In my conversations with the Premiere team at Adobe, I learned that converting older files into Apple ProRes 422 (on the Mac) or GoPro Cineform (on Windows) would be excellent codecs that protect your assets into the future. While no codec lasts forever, ProRes and Cineform are already 64-bit and are actively supported by Apple, GoPro and other developers.
Currently, if you try to open an older file with an outdated codec, Apple automatically transcodes it into AVC (H.264). While AVC is a compressed codec, Final Cut Pro X (unlike Final Cut Pro 7) can edit those H.264 files natively without the need to transcode.
NOTE: If you want to avoid the extra compression that AVC performs on your files, you can use Compressor, or other compression software, to convert the files into the codec of your choice.
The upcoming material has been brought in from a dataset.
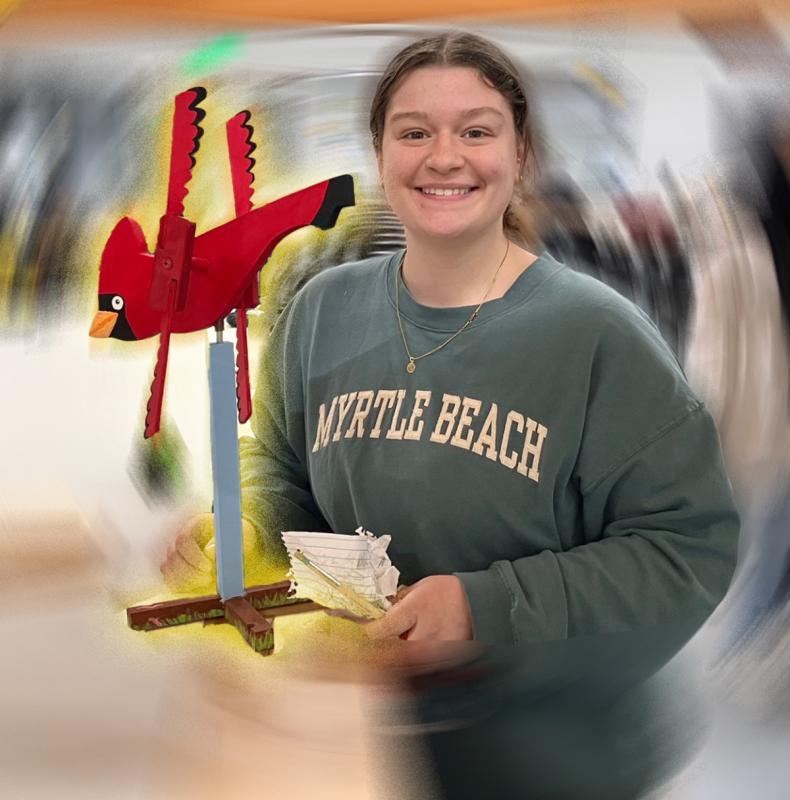 Abstract: Building prototypes is the focus of the lessons in MIC 310. We start with paper and craft messages using paper folds, glue, and color. Throughout the semester the makers develop skills in using various mediaclay, metal, glass, and 3D printing. Either we use an additive process or a sculpting process to shape ideas and content. Working with wood and tools is challenging. Making 2 and 3 dimensional objects is one level of prototyping. Making an object deliberately MOVE is another dimension of being a maker. In Folk Art, these sculptures are known as Whirly-gigs. Evidence of Whirly-gigs has been found as far back as 500BC in China. The movement of the wings captures and uses the power of the wind to keep the blades moving. These are our finished models.

As well, virtually all compression apps support transcoding files in batches.
There is no list of 32-bit codecs that I’ve been able to find. However, if your media is more than ten years old, you need to start thinking about how to convert it into a current codec to preserve it. While there are many options, ProRes 422 is a great choice for almost all legacy media because it easily supports so many different frame sizes and frame rates.
KEY ACTION ITEMS
We must actively manage our older media. Convert legacy digital media into ProRes 422 to preserve it for the future. Convert computer-generated media into ProRes 4444, either with or without an alpha channel.
NOTE: You can convert legacy files into other versions of ProRes, such as ProRes 422 HQ or 4444, but you won’t see any improvement in image quality.
If you are on a Windows system, while you can play back any ProRes file, it is not as easy to transcode into ProRes. Good codecs for Windows would include high-data rate versions of DNxHD or GoPro Cineform.
NOTE: As a handy tip, because codecs change often, it is a good idea to track which media files use which codec. This simplifies your work when you need to find older files who’s codecs are no longer supported. Many media asset managers can track this automatically.
As media creators, we are responsible for making sure our older files are accessible into the future. This means that we must actively manage our archives and convert older media into newer formats so that we don’t lose access to our past. Because of all these changes, it’s a good idea to review our archives annually to keep them safe and up-to-date.